Anatomy of a time series

Some notation:

$t = 1,2,3,...$, time index
$Y_t$, is the value: of the variable of interest at time $t$
$Y_t$ may be composed of one or more components:
Trend
Seasonal
Cyclical
Random

Trend component

A trend is persistent upwards or downwards movement in the data (not necessarily linear).

Trend component

Example: Moore’s Law (accelerating increase of transistor count)
Example: US population over time
A time series with no trend is called stationary.

Seasonal component

Seasonal fluctuation occurs when predictable up or down movements occur over a regular interval.

Seasonal component

The ups and downs must occur over a regular interval (e.g., every month, or every year)
Example: Highway traffic volume is highest during rush hour every day
Example: Supermarket sales may be highest every month right after common paydays like the 15th and 30th

Cyclic component

Cyclic fluctuations occur at unpredictable intervals, e.g. due to changing business or economic conditions.

Cyclic component

In contrast to seasonal fluctuations, cyclic fluctuations do not occur at regular, predictable intervals
It may be possible to predict cyclic components based on some other (non-time) variable
Example: Restaurant sales dropped dramatically in 2020 due to COVID, as people ate out less
Example: Sales of bell bottoms rose in the 60s and 70s, declined by the 80s, and then had a resurgence in the 90s

Remainder/Error component

Any real time series will always have random noise as well, which can’t be predicted or forecast.

Time Series Components

Which component(s) you see in each of these time series?

Putting these together

Real time series will usually include a combination of these four components.

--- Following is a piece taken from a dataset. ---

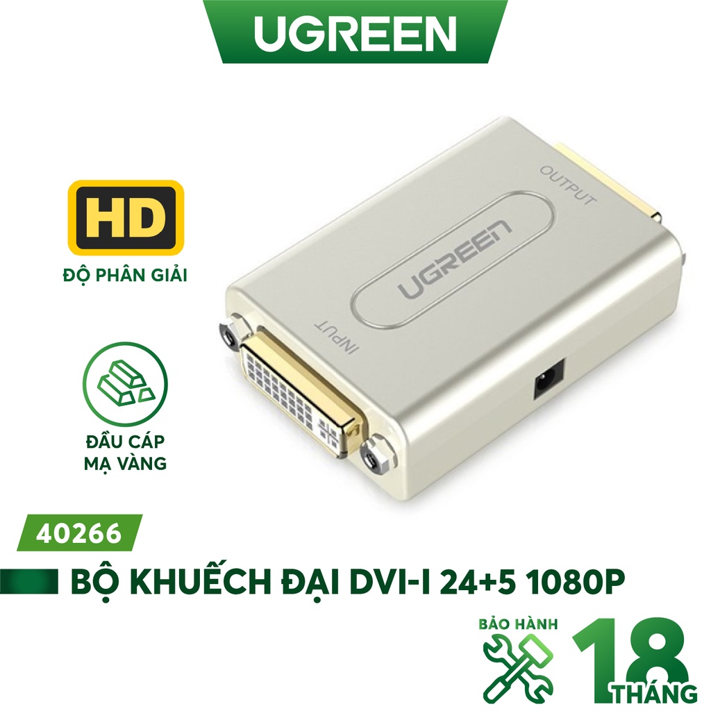 Giới thiệu Bộ lặp + nối dài DVI 1080P độ phân giải cao, vỏ hợp kim, mạ vàng Ugreen 40266 (Bạc)
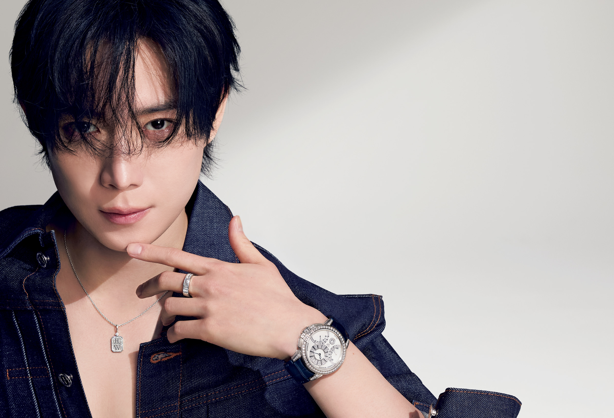 〈上写真〉時計好きのヨンデさん曰く、「あらゆるシーンやスタイルに格を添える存在感に魅了されました」。時計「HW オーシャン・バイレトログラード オートマティック 42㎜」(WG×ダイヤモンド×マザーオブパール、機械式自動巻き、ケース径42.2ミリ)1195万7000円 チャーム「HWロゴ・チャーム」(Pt×ダイヤモンド計約0.29ct)123万2000円 「ペンダントチェーン」(Pt)39万6000円 リング「トラフィック・アクセント・バンドリング」(Pt×ダイヤモンド計約0.42ct)141万9000円~/すべてハリー・ウィンストン(ハリー・ウィンストン クライアントインフォメーション) デニムジャケット/スタイリスト私物

We will model the time series $Y_t$ either additively:

\[ Y_t = \text{Trend} + \text{Seasonal} + \text{Random} = T_t +S_t +E_t \] Or multiplicatively: \[ Y_t = \text{Trend}\cdot\text{Seasonal}\cdot\text{Random}= T_t \cdot S_t \cdot E_t \] * ($E_t$ consists of both the cyclic and error components, as both are unpredictable.) This model can be rewritten as a log model: \[ \log{Y_t} = \log(T_t) + \log(S_t) + \log(E_t) \]

Additive models

\[ Y_t = \text{Trend} + \text{Seasonal} + \text{Random} = T_t +S_t +E_t \]

Most appropriate when seasonal fluctuations are consistent (do not increase or decrease over time)
The trend component $T_t$ is a function of t (e.g., linear or quadratic)
The seasonal component $S_t$ is a set of dummy variable representing “seasons”
So we can estimate additive models using regular regression

Additive decomposition

Run a regression predicting $Y$ as a function of:

$t$, $t^2$, $\log(t)$ etc (the trend component $T_t$)
Dummy variables for the seasons (the seasonal component $S_t$)

To make a prediction for $Y$, plug into the model!
The residuals of this model correspond to the error component $E_t$

Apple quarterly revenue

What components do you see here?

library(tidyverse)
ggplot(apple, aes(x=Time, y=Revenue)) + 
  geom_line()

Fitting additive model

lm_additive = lm(Revenue ~ Period + Quarter, data=apple) 
summary(lm_additive)


Call:
lm(formula = Revenue ~ Period + Quarter, data = apple)

Residuals:
    Min      1Q  Median      3Q     Max 
-22.496  -5.135   1.280   4.923  17.928 

Coefficients:
             Estimate Std. Error t value Pr(>|t|)    
(Intercept)  33.93619    2.74731  12.353  < 2e-16 ***
Period        1.41324    0.05917  23.884  < 2e-16 ***
QuarterQ2   -20.62657    2.89298  -7.130 2.31e-09 ***
QuarterQ3   -27.44818    2.89480  -9.482 3.62e-13 ***
QuarterQ4   -24.20276    2.89298  -8.366 2.22e-11 ***
---
Signif. codes:  0 '***' 0.001 '**' 0.01 '*' 0.05 '.' 0.1 ' ' 1

Residual standard error: 7.921 on 55 degrees of freedom
Multiple R-squared:  0.9269,    Adjusted R-squared:  0.9216 
F-statistic: 174.4 on 4 and 55 DF,  p-value: < 2.2e-16

Interpretation of the model

The trend that we can infer from the variable Period indicates a positive growth in revenue of US$ 1.4 billion for each increase in the periods.
The seasonal from the Quarter component indicates:

Q2’s are expected to be $20.7 worse than Q1’s
Q3’s are expected to be $27.4 worse than Q1’s
Q4’s are expected to be $24.2 worse than Q1’s
Q3’s are significantly worse than Q1’s

These effects are statistically significant (confint(lm_additive))
The RSE from this model is US$ 7.921 billions of dollars.
How can we interpret these results?

Fitting additive model

ggplot(apple, aes(x = Time, y = Revenue)) + 
  geom_line() +
  geom_line(aes(x = Time, y = predict(lm_additive)), col = "orange")

Fitting additive model

What does the final model predict from the Quarter component indicates: for Apple in 2024 Q3?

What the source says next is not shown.